Below this line are records; write out exactly the lines from the one containing "After performing 180" through the one containing "Das Penthouse überzeugt", with the pictures left out.

Records shown>
#####
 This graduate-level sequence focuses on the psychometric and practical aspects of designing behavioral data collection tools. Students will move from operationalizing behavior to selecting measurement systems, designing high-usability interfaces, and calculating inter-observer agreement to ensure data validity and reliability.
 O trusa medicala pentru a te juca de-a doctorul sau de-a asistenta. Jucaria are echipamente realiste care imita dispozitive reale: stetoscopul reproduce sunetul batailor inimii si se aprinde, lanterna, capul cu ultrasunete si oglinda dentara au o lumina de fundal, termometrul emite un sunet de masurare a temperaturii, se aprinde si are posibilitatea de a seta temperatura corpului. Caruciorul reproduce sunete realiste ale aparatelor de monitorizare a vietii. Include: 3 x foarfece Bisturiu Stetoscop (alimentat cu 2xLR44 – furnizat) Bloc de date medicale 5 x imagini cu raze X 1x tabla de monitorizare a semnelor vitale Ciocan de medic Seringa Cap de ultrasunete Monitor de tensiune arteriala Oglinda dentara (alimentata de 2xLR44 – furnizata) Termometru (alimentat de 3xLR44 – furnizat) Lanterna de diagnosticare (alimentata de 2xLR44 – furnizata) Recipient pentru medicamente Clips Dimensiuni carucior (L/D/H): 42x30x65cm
#####
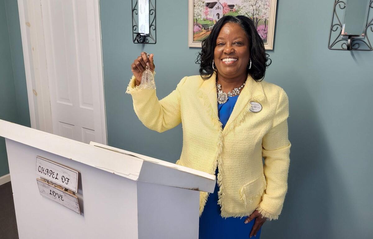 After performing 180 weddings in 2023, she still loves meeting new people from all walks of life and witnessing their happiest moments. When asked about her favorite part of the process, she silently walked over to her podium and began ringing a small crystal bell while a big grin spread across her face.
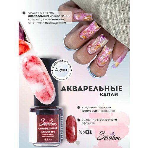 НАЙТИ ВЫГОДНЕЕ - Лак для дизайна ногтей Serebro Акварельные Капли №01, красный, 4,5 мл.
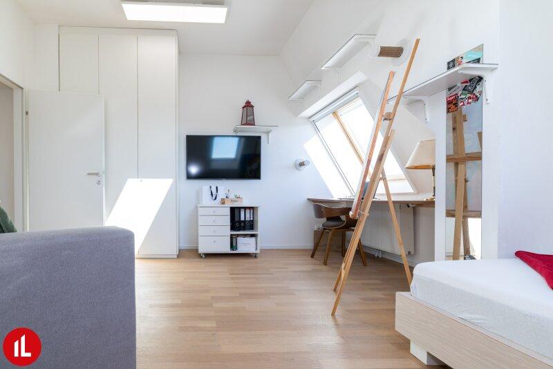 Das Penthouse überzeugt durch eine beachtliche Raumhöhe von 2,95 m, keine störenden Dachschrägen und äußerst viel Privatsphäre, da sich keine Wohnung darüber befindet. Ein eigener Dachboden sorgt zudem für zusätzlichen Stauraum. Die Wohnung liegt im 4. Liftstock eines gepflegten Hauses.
#####
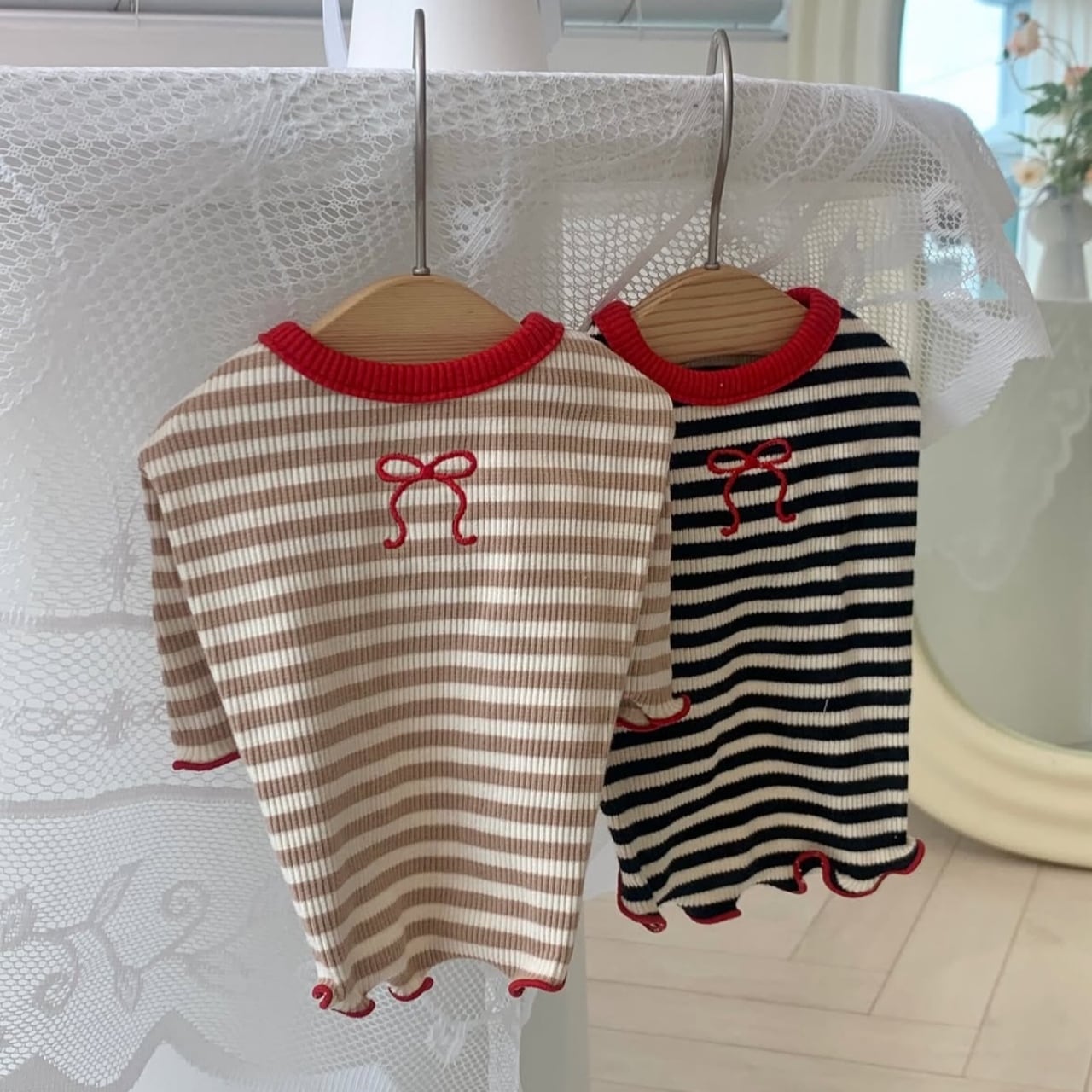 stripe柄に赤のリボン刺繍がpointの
#####
Solution for this exercise>
 After performing 180 weddings in 2023, she still loves meeting new people from all walks of life and witnessing their happiest moments. When asked about her favorite part of the process, she silently walked over to her podium and began ringing a small crystal bell while a big grin spread across her face.
 НАЙТИ ВЫГОДНЕЕ - Лак для дизайна ногтей Serebro Акварельные Капли №01, красный, 4,5 мл.
 Das Penthouse überzeugt durch eine beachtliche Raumhöhe von 2,95 m, keine störenden Dachschrägen und äußerst viel Privatsphäre, da sich keine Wohnung darüber befindet. Ein eigener Dachboden sorgt zudem für zusätzlichen Stauraum. Die Wohnung liegt im 4. Liftstock eines gepflegten Hauses.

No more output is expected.